Find the line containing "2026.2.27 3月営業日のご案内 日頃より当店をご利用いただき御礼申し上げます。3月の営業日のご案内です。" in the records below. Copy exactly that line and each one after it, ending at the line containing "1 złoty, 1944;", and nothing more.

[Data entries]

───

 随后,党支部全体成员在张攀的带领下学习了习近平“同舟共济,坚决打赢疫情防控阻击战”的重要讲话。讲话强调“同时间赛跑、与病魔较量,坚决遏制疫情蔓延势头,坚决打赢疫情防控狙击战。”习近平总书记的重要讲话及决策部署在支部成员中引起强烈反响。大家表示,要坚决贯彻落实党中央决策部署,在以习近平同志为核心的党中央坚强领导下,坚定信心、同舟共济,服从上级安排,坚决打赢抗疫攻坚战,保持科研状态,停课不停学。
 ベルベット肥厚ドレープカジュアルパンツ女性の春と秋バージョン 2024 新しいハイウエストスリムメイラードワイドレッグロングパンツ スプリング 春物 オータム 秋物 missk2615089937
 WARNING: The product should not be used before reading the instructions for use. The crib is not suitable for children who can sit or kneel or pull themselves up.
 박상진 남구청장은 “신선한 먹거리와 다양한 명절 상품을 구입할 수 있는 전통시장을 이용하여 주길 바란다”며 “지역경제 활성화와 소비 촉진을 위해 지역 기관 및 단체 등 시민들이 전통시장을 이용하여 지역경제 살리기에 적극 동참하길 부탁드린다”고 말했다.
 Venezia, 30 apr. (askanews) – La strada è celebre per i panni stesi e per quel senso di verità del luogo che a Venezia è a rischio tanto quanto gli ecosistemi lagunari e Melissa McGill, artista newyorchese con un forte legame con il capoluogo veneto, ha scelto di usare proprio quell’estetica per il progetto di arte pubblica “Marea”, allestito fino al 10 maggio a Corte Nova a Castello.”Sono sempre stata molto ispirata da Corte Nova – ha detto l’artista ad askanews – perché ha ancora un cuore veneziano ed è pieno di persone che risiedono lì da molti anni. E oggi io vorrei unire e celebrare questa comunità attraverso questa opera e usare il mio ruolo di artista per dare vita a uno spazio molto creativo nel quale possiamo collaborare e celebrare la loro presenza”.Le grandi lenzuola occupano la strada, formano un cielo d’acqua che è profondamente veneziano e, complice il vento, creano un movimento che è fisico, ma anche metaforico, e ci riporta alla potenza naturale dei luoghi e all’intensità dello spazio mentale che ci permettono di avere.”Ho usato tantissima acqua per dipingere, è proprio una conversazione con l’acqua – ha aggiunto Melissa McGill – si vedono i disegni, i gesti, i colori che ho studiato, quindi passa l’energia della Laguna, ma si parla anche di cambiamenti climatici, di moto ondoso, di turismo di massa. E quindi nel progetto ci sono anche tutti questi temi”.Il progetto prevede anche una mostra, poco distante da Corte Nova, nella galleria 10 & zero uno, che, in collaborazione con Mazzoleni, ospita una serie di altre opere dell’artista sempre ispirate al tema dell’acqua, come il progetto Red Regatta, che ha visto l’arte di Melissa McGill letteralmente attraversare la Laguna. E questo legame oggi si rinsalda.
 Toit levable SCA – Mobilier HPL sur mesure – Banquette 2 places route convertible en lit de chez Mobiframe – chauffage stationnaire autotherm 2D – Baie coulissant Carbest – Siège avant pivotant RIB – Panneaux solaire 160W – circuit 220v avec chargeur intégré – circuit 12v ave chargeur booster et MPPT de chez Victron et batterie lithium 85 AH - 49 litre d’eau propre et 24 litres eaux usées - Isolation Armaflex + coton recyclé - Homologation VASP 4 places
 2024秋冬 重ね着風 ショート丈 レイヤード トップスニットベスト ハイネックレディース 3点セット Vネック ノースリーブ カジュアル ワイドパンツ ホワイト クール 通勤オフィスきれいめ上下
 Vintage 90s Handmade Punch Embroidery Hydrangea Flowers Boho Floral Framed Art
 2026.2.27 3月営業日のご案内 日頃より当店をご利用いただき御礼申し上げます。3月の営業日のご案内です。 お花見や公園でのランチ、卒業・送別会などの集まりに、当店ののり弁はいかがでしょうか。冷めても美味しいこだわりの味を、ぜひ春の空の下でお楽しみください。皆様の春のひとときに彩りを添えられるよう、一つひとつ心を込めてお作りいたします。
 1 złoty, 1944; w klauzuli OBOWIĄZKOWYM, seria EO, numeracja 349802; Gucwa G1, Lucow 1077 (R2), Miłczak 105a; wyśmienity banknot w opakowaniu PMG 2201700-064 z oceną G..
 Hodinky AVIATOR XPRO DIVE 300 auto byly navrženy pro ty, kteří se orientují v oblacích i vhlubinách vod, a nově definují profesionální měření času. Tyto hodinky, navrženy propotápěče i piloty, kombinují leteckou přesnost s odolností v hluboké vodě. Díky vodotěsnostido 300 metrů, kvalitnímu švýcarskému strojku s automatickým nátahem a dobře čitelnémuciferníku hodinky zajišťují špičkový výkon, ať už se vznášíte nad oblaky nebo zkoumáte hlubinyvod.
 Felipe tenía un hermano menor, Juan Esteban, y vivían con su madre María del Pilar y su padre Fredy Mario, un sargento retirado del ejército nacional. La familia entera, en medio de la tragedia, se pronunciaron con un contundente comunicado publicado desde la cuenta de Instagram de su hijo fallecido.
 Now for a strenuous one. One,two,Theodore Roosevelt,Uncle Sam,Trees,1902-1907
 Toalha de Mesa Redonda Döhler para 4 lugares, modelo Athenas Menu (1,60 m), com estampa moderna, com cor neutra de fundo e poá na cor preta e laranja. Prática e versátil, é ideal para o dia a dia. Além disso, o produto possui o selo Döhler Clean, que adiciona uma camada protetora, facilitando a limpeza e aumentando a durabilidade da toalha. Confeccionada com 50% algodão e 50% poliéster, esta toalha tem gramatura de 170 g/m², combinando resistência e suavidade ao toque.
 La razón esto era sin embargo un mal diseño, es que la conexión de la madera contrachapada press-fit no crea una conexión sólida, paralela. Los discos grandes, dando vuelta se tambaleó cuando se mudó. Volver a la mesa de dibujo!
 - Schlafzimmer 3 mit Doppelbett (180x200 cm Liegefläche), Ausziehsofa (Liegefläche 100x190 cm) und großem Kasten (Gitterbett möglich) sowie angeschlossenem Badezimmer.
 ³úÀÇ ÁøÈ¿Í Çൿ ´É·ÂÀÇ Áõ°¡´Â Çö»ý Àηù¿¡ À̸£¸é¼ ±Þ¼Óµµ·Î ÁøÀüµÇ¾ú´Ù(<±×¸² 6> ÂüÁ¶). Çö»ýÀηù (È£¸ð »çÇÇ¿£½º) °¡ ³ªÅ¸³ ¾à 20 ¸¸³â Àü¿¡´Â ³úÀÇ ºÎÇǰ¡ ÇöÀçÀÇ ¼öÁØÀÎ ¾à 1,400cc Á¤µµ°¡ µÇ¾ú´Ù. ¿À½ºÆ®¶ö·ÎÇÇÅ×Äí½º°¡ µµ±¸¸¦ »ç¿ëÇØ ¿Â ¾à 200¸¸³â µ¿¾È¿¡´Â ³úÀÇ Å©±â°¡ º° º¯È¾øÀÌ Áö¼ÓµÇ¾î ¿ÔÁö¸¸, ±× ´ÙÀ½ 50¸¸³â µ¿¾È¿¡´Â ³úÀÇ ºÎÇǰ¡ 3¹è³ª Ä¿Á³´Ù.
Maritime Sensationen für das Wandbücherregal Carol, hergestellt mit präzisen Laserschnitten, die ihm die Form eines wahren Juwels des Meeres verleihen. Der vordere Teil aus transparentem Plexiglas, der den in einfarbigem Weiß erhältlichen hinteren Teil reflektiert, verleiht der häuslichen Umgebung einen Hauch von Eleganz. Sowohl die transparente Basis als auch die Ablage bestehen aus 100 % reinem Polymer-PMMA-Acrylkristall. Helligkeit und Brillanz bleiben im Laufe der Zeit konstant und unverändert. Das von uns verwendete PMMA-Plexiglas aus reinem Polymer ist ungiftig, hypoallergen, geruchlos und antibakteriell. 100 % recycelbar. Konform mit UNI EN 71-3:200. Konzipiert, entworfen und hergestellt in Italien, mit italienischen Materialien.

───

REPLY TO THE EXERCISE:
 2026.2.27 3月営業日のご案内 日頃より当店をご利用いただき御礼申し上げます。3月の営業日のご案内です。 お花見や公園でのランチ、卒業・送別会などの集まりに、当店ののり弁はいかがでしょうか。冷めても美味しいこだわりの味を、ぜひ春の空の下でお楽しみください。皆様の春のひとときに彩りを添えられるよう、一つひとつ心を込めてお作りいたします。
 1 złoty, 1944; w klauzuli OBOWIĄZKOWYM, seria EO, numeracja 349802; Gucwa G1, Lucow 1077 (R2), Miłczak 105a; wyśmienity banknot w opakowaniu PMG 2201700-064 z oceną G..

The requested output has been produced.